Characterization of nse5-ts1/mms21-11 cells involved monitoring the association of replisome components with forks by ChIP. DNA polymerases α and ϵ, as well as replication protein A, were measured when cells were released from α-factor into S phase in the presence of HU. For Myc-Rfa1, the 70-kDa subcomponent of replication protein A, we observed very little difference between the wild type and any of the mutants (supplemental Fig. S3, A–D). Fork-associated DNA polymerases α and ϵ were determined using HA-Pol1 and Myc-Pol2, respectively. We observed a reduction in polymerase association at ARS305 and ARS607 that was most pronounced in cells carrying the nse5-ts1 allele; however, mms21-11 cells looked very similar to the wild type (Fig. 2, C–F, and supplemental Fig. S3, E–G). Compared with mms21-11, nse5-ts1 appears to be a more penetrant allele when forks initially stall, as there was little correlation between Mms21 ligase activity and replisome association.
To understand further the molecular basis of the HU sensitivity, we examined the kinetics and pattern of replication intermediates in nse5-ts1 and mms21-11 cells by two-dimensional gel analysis.

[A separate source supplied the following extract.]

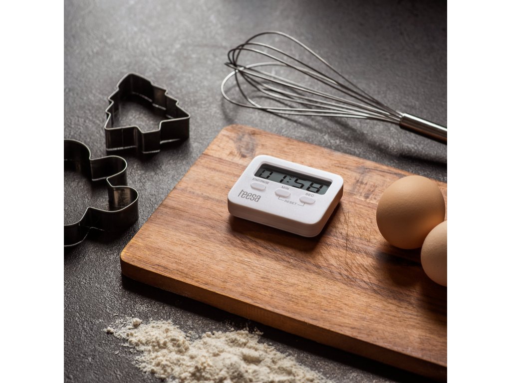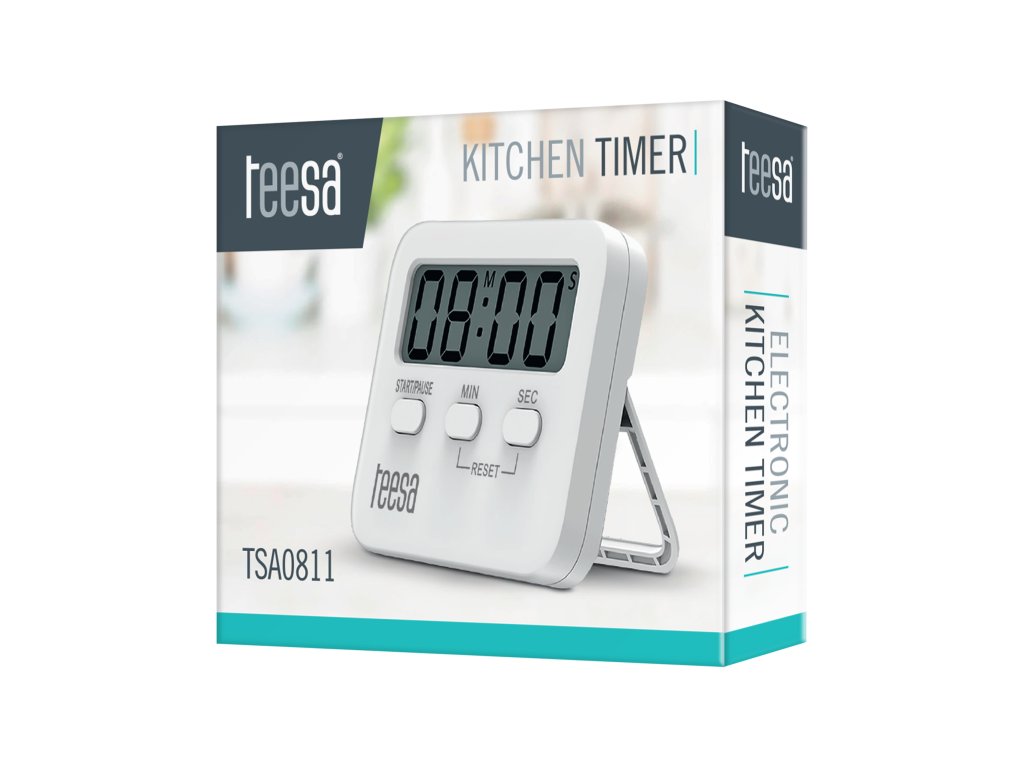 Elektronický kuchynský časovač Teesa TSA0811 je užitočným zariadením do každej kuchyne. Bude vám nápomocná najmä pri varení vajec, cestovín, pečení mäsa alebo pečení koláčov. Prevádzkový rozsah zariadenia je 99 min. 59 s. Po nastavení správneho času vás tento kompaktný digitálny časovač upozorní, keď je čas vypnúť sporák alebo rúru.

Psoralen cross-linking has allowed for enhanced detection of low-abundance X-shaped structures. Using a probe to ARS305 (supplemental Fig. S4), we observed that bubble intermediates derived from origin firing and sister forks moving apart were significantly reduced in both nse5-ts1 and mms21-11 mutants and were almost absent in nse5-ts1/mms21-11 cells in the presence of HU (Fig. 3G). This could be due to problems in origin firing or an increased propensity for fork collapse. In line with the latter hypothesis, we observed that at late time points, X-shaped DNA molecules accumulated in all mutants. This phenotype was most pronounced in nse5-ts1/mms21-11 double-mutant cells at 240 min following HU treatment and suggests that replication forks had potentially regressed or had been remodeled into recombination-like structures in an attempt to repair (Fig. 3G). We noted that in two-dimensional gel analysis, nse5-ts2 cells did not accumulate X-shaped DNA structures and exhibited wild-type levels of initiation (supplemental Fig. S2B).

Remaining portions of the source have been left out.